Start of Block

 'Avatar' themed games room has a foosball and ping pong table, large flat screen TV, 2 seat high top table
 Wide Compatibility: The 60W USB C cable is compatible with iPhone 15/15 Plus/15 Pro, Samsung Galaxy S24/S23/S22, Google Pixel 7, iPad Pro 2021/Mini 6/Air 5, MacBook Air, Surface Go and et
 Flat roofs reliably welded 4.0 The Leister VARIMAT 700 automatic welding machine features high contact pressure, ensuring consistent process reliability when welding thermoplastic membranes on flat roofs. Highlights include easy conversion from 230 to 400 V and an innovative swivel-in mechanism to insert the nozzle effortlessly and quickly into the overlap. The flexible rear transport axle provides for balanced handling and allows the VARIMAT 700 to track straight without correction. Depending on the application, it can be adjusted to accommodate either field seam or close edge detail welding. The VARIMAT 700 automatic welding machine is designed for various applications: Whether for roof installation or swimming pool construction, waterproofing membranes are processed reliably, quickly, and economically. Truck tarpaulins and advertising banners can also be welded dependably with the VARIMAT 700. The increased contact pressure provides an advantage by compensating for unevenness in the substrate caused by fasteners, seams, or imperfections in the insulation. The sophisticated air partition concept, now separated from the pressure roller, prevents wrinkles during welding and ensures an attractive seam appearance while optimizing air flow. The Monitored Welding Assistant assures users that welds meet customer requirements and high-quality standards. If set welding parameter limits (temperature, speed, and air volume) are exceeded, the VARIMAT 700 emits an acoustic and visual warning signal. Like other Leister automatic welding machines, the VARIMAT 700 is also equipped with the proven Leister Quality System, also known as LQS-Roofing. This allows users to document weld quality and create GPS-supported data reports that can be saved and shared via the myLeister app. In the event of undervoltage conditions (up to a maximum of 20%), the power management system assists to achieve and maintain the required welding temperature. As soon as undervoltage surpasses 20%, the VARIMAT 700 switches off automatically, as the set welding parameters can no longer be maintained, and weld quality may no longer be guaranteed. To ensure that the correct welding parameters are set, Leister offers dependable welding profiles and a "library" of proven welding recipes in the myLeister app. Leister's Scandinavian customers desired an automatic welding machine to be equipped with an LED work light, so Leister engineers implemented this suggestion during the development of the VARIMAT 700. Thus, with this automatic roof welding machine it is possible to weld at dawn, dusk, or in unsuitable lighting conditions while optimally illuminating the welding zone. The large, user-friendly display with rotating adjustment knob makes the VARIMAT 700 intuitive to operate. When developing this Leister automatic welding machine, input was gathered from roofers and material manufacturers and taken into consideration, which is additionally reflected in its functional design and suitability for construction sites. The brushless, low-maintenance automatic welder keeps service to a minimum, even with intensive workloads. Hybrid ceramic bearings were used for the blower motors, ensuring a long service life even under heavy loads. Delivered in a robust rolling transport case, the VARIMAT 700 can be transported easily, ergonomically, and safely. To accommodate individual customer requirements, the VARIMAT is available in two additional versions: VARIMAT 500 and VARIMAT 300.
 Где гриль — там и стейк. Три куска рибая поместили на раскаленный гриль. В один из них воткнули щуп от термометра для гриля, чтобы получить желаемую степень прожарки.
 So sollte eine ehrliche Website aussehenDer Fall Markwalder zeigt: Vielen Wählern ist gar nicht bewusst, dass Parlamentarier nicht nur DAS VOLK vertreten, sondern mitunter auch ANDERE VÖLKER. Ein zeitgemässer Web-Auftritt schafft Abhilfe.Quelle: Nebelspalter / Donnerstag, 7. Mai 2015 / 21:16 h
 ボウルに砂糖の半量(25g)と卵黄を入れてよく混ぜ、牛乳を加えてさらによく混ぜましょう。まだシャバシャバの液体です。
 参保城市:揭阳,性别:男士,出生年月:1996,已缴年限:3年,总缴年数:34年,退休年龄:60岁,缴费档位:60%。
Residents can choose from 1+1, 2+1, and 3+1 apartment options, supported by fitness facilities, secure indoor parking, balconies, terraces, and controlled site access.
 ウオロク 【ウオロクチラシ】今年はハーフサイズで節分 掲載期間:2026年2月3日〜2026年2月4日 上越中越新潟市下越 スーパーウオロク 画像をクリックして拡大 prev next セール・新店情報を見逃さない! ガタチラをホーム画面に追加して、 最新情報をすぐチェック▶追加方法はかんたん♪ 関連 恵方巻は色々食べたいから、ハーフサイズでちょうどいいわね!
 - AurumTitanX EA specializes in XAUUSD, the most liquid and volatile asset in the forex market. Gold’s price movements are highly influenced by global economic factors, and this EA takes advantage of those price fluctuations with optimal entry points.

End of Block

Reproduce word for word the material above, beginning with the line that contains "So sollte eine" and ending with the line that contains "ウオロク 【ウオロクチラシ】今年はハーフサイズで節分 掲載期間:2026年2月3日〜2026年2月4日".

• Exercise result
 So sollte eine ehrliche Website aussehenDer Fall Markwalder zeigt: Vielen Wählern ist gar nicht bewusst, dass Parlamentarier nicht nur DAS VOLK vertreten, sondern mitunter auch ANDERE VÖLKER. Ein zeitgemässer Web-Auftritt schafft Abhilfe.Quelle: Nebelspalter / Donnerstag, 7. Mai 2015 / 21:16 h
 ボウルに砂糖の半量(25g)と卵黄を入れてよく混ぜ、牛乳を加えてさらによく混ぜましょう。まだシャバシャバの液体です。
 参保城市:揭阳,性别:男士,出生年月:1996,已缴年限:3年,总缴年数:34年,退休年龄:60岁,缴费档位:60%。
Residents can choose from 1+1, 2+1, and 3+1 apartment options, supported by fitness facilities, secure indoor parking, balconies, terraces, and controlled site access.
 ウオロク 【ウオロクチラシ】今年はハーフサイズで節分 掲載期間:2026年2月3日〜2026年2月4日 上越中越新潟市下越 スーパーウオロク 画像をクリックして拡大 prev next セール・新店情報を見逃さない! ガタチラをホーム画面に追加して、 最新情報をすぐチェック▶追加方法はかんたん♪ 関連 恵方巻は色々食べたいから、ハーフサイズでちょうどいいわね!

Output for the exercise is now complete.